Are all scattering states un-normalizable? I am an undergraduate studying quantum physics with the book of Griffiths. in 1-D problems, it said a free particle has un-normalizable states but normalizable states can be obtained by sum  up the solutions to independent Schrodinger equations. in my view the book also suggests that a scattering state with E>V(infinity) is to be un-normalizable. Is it true in 1-D situations? If so can it be generalized to 3-D situations? And why? 
 A: The scattered states are indeed non-normalizable. This is because a plane wave is an unphscial state (which you can for example see by trying to calculate the Heisenberg uncertainty, which will read $\Delta x \cdot \Delta p = \infty \cdot 0 = ??$).

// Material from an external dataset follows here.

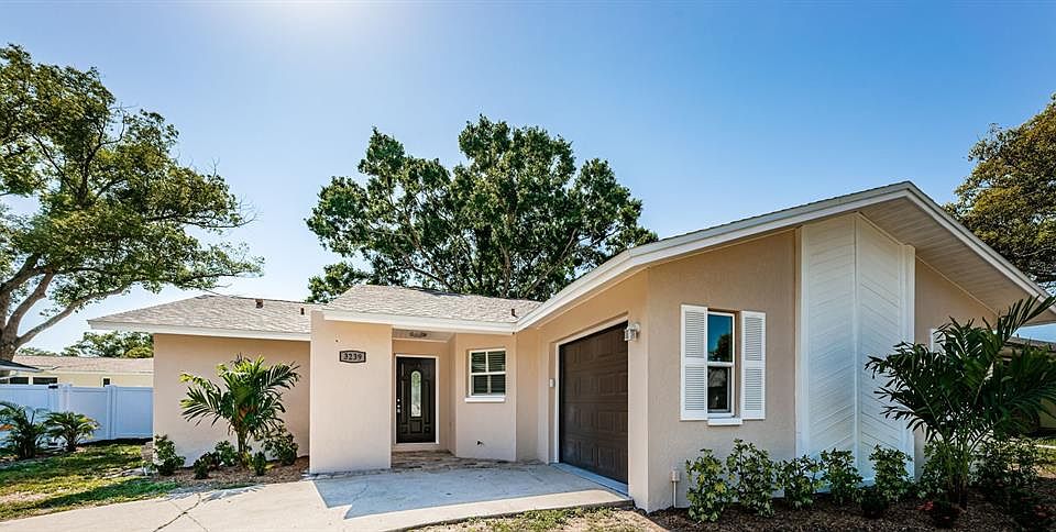 Get ready to be impressed by this impeccably renovated home located in a tranquil Palm Harbor neighborhood. This stunning ranch boasts a split-plan layout and has been completely remodeled with top-of-the-line finishes and craftsmanship. As you step inside, you'll be welcomed by a bright and roomy living area, complete with modern finishes. The open-plan design ensures that hosting gatherings is effortless. The chef's kitchen is equipped with new GE stainless steel appliances, custom cabinetry, and a generously sized island, making meal preparation a breeze. The home boasts a split bedroom floor plan for privacy, with a large primary suite featuring a luxurious ensuite bathroom and walk-in closet. As you step out of the brand-new collapsible sliding glass door, you will be greeted by a fully fenced backyard. The backyard comes equipped with a new, spacious patio, perfect for hosting summer barbecues or enjoying a glass of wine under the stars. The attached garage features a top-of-the-line garage door opener and provides ample space for parking, laundry, and storage. The property has been renovated with great attention to detail. The beautiful landscaping, new roof, and new windows give it a fresh look. The premium luxury vinyl flooring, gorgeous quartz counters, tile surround in baths, new appliances/fixtures, and lighting are just a few of the many upgrades that have been made. Enjoy the perfect balance of tranquility and city convenience just minutes away from shopping, dining, entertainment, and just a short drive to world-class beaches. Don't hesitate to schedule a private viewing and call this place home! Agent has equity.

In order to create a physical state, you need to specify boundary conditions, i.e. a physical wavefunction at a given time $\Psi(t = 0)$. This can always be written as superposition of plane waves
$$ \Psi(t=0) = \int \mathrm dE  \; \tilde g(E) \psi(E)$$
where $\tilde g$ is the "envelope" of your function and the $\psi(E)$ are the solutions of the time-independent Schroedinger equation
$$ \hat H \psi(E) = E \cdot \psi(E)$$
If this is fulfilled, your full wavefunction $\Psi(t)$ will fulfill the time-dependent Schroedinger equation.
A: Neuneck's answer is the pithiest description of how you get normalisable states as superpositions of non-normalisable states, but the following is more of a "why" these states happen. Hopefully, you should see that this discussion is independent of the number of dimensions.
Practically speaking, the reason why there are always such states it is because observables fulfilling the canonical commutation relationship $[X,P]=i\,\hbar\,I$ have eigenvectors which are non-normalisable.
Actually there is no reason why we have to have eigenvectors, so at a deeper level, the basic reasons why there are always non-normalised states are (1) convenience - the need for wieldiness of mathematical description and  (2) the mathematical ingenuity of the people who gave us this wieldy and handy mathematical description - most notably the genius of (in rough historical order), Paul Dirac, Laurent Schwartz, Alexander Grothendieck and Israel Gel'Fand. This discussion keeps the intuitive ideas of eigenvectors and other convenient tools on a unified and rigorous footing.

Grounding Ideas
The basic setting for quantum mechanics is Hilbert space, namely a complete (in the sense that every Cauchy sequence converges to a member of the space) vector space kitted with an inner product (Banach spaces are a weaker and more general concept - being complete vector spaces kitted simply with a norm. The norm in a Hilbert space comes from the inner product of a vector with itself).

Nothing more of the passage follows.